Skip to content

How to Use PostgreSQL Extensions (pgvector, PostGIS) with MikroORM

I was building a RAG (Retrieval Augmented Generation) application and wanted to use pgvector for semantic search with MikroORM. I checked the documentation, searched GitHub issues, and even asked on Reddit. The answer was always the same: MikroORM doesn’t have built-in support for PostgreSQL extensions.

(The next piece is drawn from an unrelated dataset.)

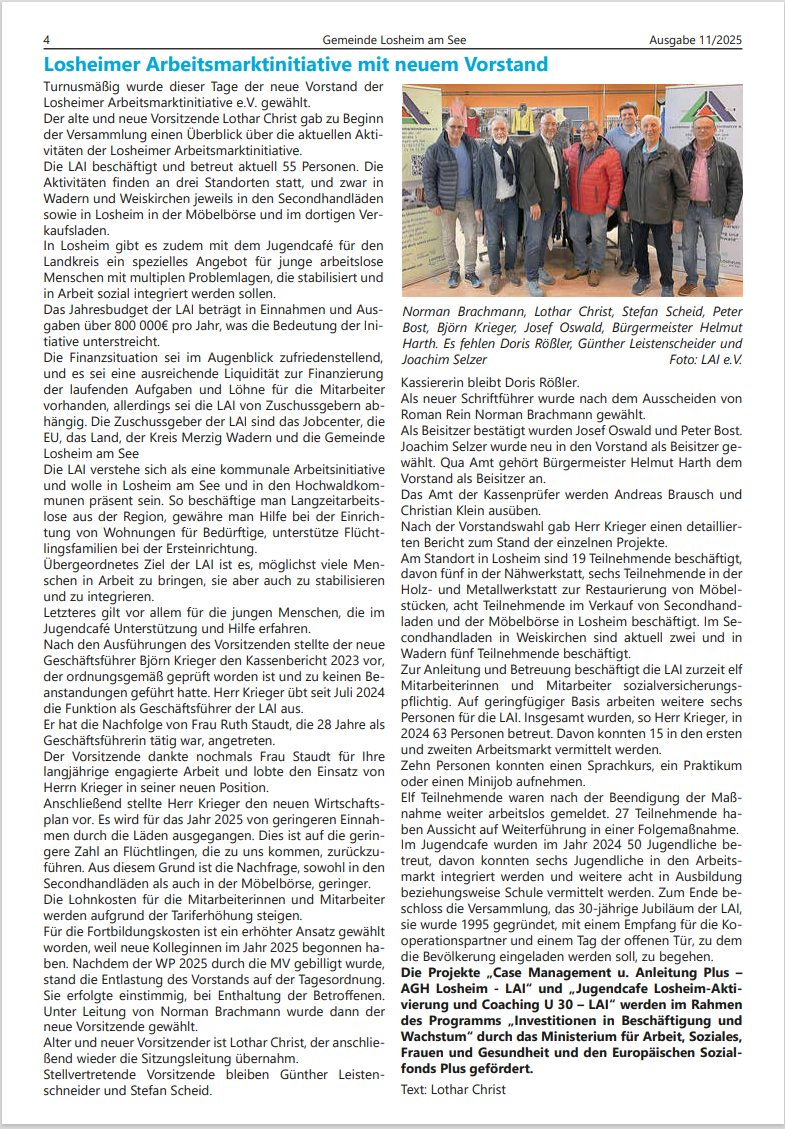 Amtliches Bekanntmachungsblatt der Gemeinde Losheim am See | LAI mit neuem Vorstand |
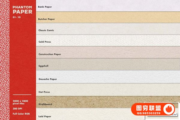 种类繁多。没有重复或无用的纸张纹理。以下是我们提供的多种纸张质地:牛皮纸、经典漫画纸、冷压纸、建筑用纸、蛋壳纸、水粉纸、热压纸、牛皮纸、直纹纸、木乃伊纸、新闻纸、洋葱皮纸、纸袋、Pea-Chee文件夹、抹布纸、宣纸、种子笔记本、有斑点的牛皮纸、贸易抹布和未涂层的火柴盒。

That’s when I realized I needed a different approach. Here’s what I learned about integrating pgvector, PostGIS, and other PostgreSQL extensions with MikroORM.

The Problem

PostgreSQL extensions like pgvector, PostGIS, and pg_search provide powerful capabilities that have no equivalent in MikroORM’s ORM abstraction:

  • pgvector: Vector similarity search for AI/ML applications
  • PostGIS: Geospatial queries for location-based features
  • pg_search: Advanced full-text search with ranking

When I tried to use these extensions, I hit three walls:

  1. No native types: MikroORM doesn’t provide TypeScript types for vector, geometry, or tsvector
  2. Missing operators: Extension-specific operators like <=> (cosine distance) aren’t available in QueryBuilder
  3. Sparse documentation: Community knowledge is thin for integration patterns

First Attempt: Using Unknown Type

I started by trying to define a vector column with MikroORM’s unknown type:

Document.ts
import { Entity, PrimaryKey, Property } from '@mikro-orm/core'
@Entity()
export class Document {
@PrimaryKey()
id!: number
@Property()
content!: string
@Property({ type: 'unknown', columnType: 'vector(1536)' })
embedding!: number[]
}

This worked for schema generation, but I couldn’t query with it. The <=> operator for cosine distance doesn’t exist in MikroORM’s QueryBuilder.

failed-query.ts
// This doesn't work - MikroORM doesn't know about vector operators
const similar = await em.find(Document, {
embedding: { $distance: { $lt: 0.2 } } // Nope!
})

I was stuck. The entity could store vectors, but I couldn’t use them.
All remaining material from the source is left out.